En plus de ce travail, Marius s’implique aussi pour sa commune, il complète son activité par le travail difficile de fossoyeur et surtout, il prendra part au conseil municipal pendant 30 ans, des années 60 aux années 90.
En 1976 la commune connait une nouvelle étape avec la construction du premier lotissement de 7 maisons bâties sur des terrains agricoles dans le centre du village. La population est alors moitié moins importante qu’aujourd’hui.
Pour la famille Girard c’est l’occasion de concrétiser le rêve et le travail d’une vie en accédant à la propriété. Maintenant que les ainés ne sont plus à la maison, l’achat d’une habitation moins grande est possible.
La vie s’écoule tranquillement au rythme des saisons et des divers travaux de la campagne comme le jardinage et la coupe du bois en hiver.
Marius prendra sa retraite en 1989. Après une vie professionnelle bien remplie, il continue quelques activités physiques comme le jardin et la marche à pieds qu’il pratique assidument. Il peut aussi se consacrer à sa désormais longue descendance, puisque le couple à vingt et un petits enfants et quatorze arrières petits enfants, autant dire que les réunions de famille sont animées et nécessitent de la place…

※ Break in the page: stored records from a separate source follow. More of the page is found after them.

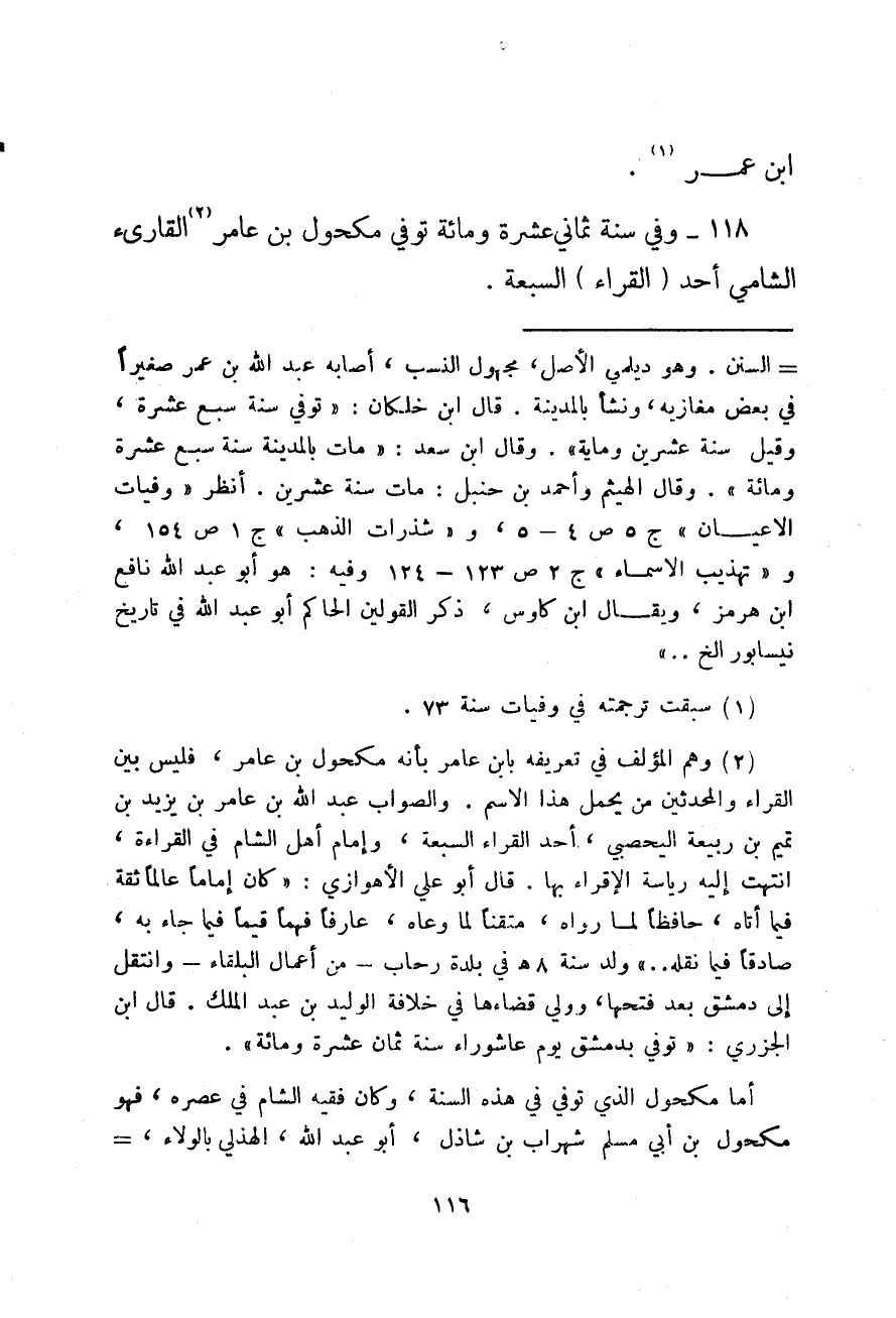وفي سنة ثماني عشرة ومائة توفي مكحول بن عامر القارئ الشامي أحد القراء السبعة.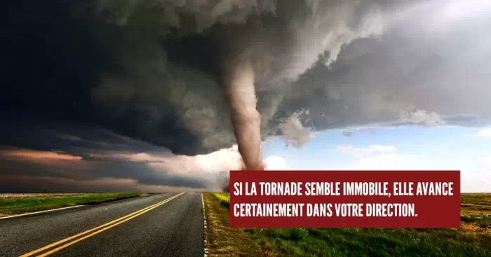 Si vous vous trouvez confronté à une tornade et que celle-ci ne semble pas bouger du tout, c'est qu'elle est très certainement entrain d'avancer dangereusement OU de s'éloigner de vous. Dans le doute, mieux vaut fuir le plus vite possible : une fois pris dans la tornade, il sera trop tard pour regretter !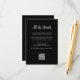 Diese einfachen und eleganten, schwarzen Gästebuchskarten sind mit modernster Schriftzeichen und klassischem weißem Text ausgestattet und bieten eine stilvolle und zeitgemäße Wahl für Ihre gotische oder traditionelle Hochzeit. Sie können diese Karten für die Anfahrt, Empfang- oder Transportinformationen, Hotel- oder Unterkunftsinformationen und alle anderen Hochzeitsdetails verwenden, die Sie für Ihre Gäste benötigen. Enthält auch einen scannbaren QR-Code.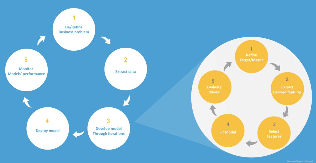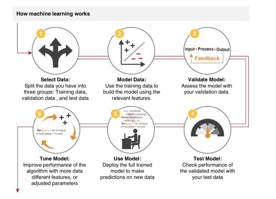 Part 1 介绍了基本概念,包括: 机器学习的流程 数据处理 建模 评估指标(如 MSE、ROC 曲线) 模型部署 过度拟合 正则化等 在第一部分,作者先介绍了如今应用普遍的机器学习:从自动驾驶、语音助手到机器人。其中有些思想,也是众多读者们了解过的,例如:为何机器学习在这个时候会火(大数据、计算力、更好的算法);机器学习、人工智能、深度学习三者的关系等。 除了这些基础概念,这份教程也对机器学习模型的开发流程做了图像化展示(如下图),即使对此不太了解的读者,也能通过这种流程展示有所学习。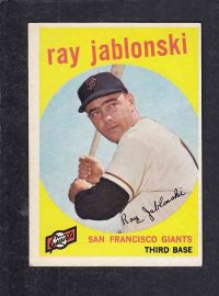 ITEM# : CS61625278 1959 TOPPS BASEBALL CARD #342 R. JABLONSKI DESCRIPTION 1959 TOPPS BASEBALL CARD #342 R. JABLONSKI CONDITION EX+ NO CREASE PRICE $2.99 USD SHIPPING CANADA RESIDENT $3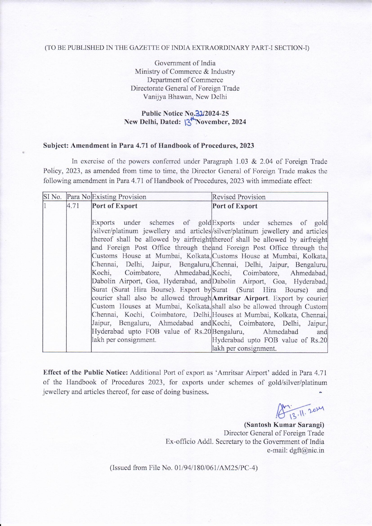 Amritsar Airport Added as Export Port for Gold, Silver, and Platinum jewelry Posted On November 19, 2024 Tags:DGFT Notification Related Posts Non-Basmati White Rice Export Policy Revised: From Prohibited to Fee Subject to MEP of 490 $ Per Ton Minimum Export Price for the export of Non-Basmati White Rice has been lifted with immediate effect DGFT Revises Import Policy: Precious Metal Compounds Now Restricted Under Chapter 28 About The Author admin Add a Comment Cancel replyYour email address will not be published. Required fields are marked *Comment Save my name, email, and website in this browser for the next time I comment.

Pour terminer, Marius présente un constat sur l’époque qu’il a connu : « la vie était dure et le travail manuel, on n’avait pas le temps de s’ennuyer », il voit aussi l’esprit du village changer, la vitesse et une part croissante d’individualisme ayant pris le pas sur la convivialité. Aussi pourquoi ne pas nous mettre de temps en temps au pas plus lent de nos anciens et partager avec eux un moment d’échange dans les manifestations qui ponctuent la vie de notre charmant petit village.